Could Kern really be free of drought?
For the first time since 2011, the U.S. Drought Monitor map, produced jointly by the National Oceanic and Atmospheric Administration and the U.S. Department of Agriculture, is showing Kern County to be virtually free of the drought that has plagued the county and the state for more than five years.
But keep that champagne on ice a little bit longer.
Because while the Sierra snowpack is magnificent, and the Kern River is raging, there’s one crucial component of the southern valley’s water health that remains in critical condition: Groundwater.
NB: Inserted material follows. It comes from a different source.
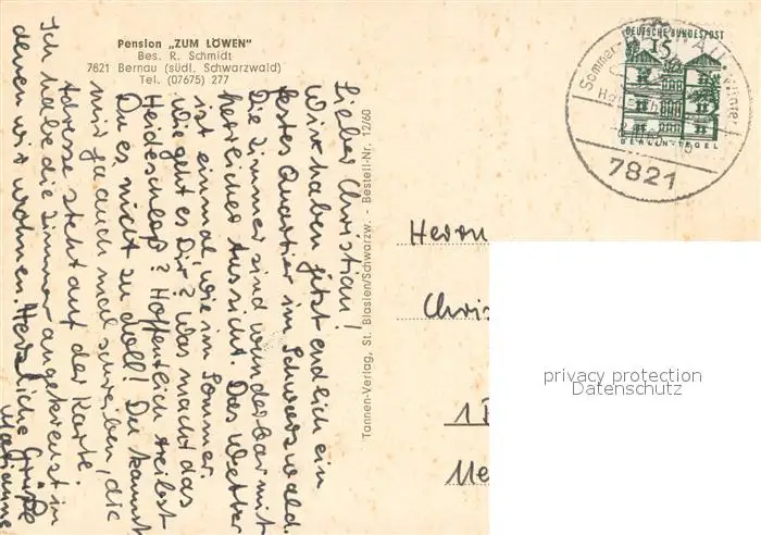 Bernau_Schwarzwald Pension zum Loewen Panorama Bernau Schwarzwald postalisch gelaufen 1921-1965 Erhaltung siehe scans [WerneD78] WernPID7
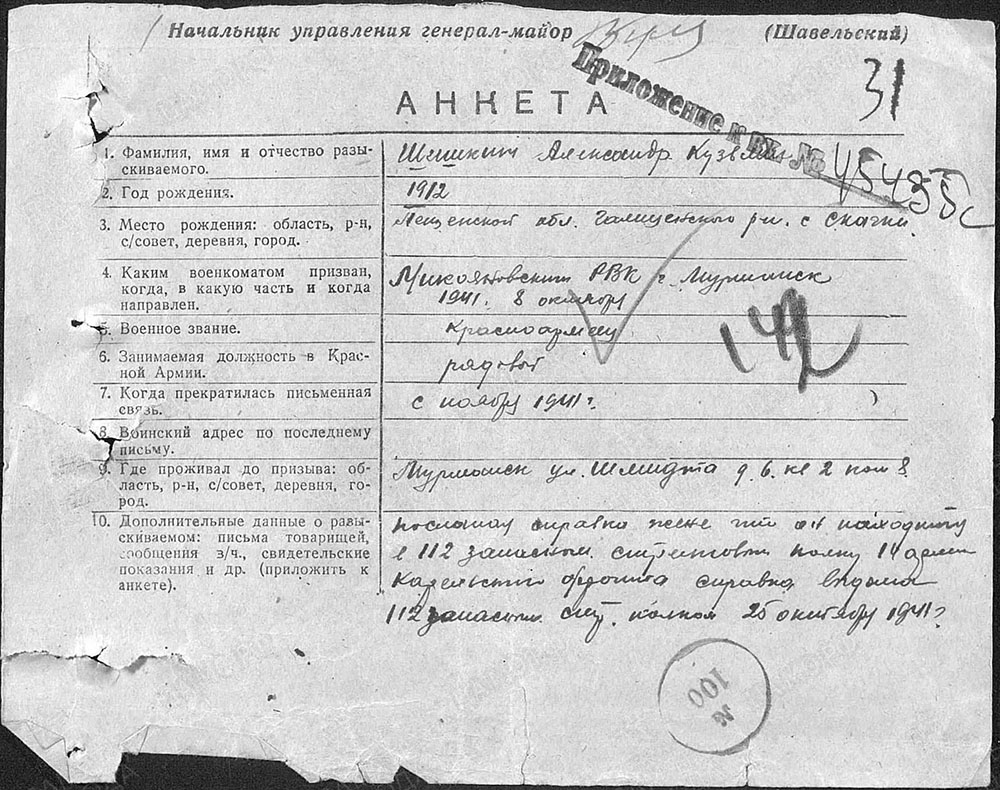 Пропал без вести, связь с бойцом прервалась в ноябре 1941 года

As of Feb. 21, just 8 percent of Kern — concentrated in the extreme southwestern section of the county — was deemed to be in “moderate drought,” the lowest of the four drought levels, according to the drought map.
Nearly 39 percent, also on the south and west sides of the county, was still categorized as abnormally dry.
But what a difference several weeks of winter storms can make.
“We have had a wonderful start to the water year,” said the City of Bakersfield’s Water Resources Manager Art Chianello.
But the groundwater problem, Chianello said, is not going to be solved in a single year.
According to the drought map, the Southern Sierra Tulare Basin for Feb. 21 showed 223 percent of average precipitation for the date, which is very near the 1968-1969 record.
And the city still has a responsibility to meet its water conservation goals, Chianello said.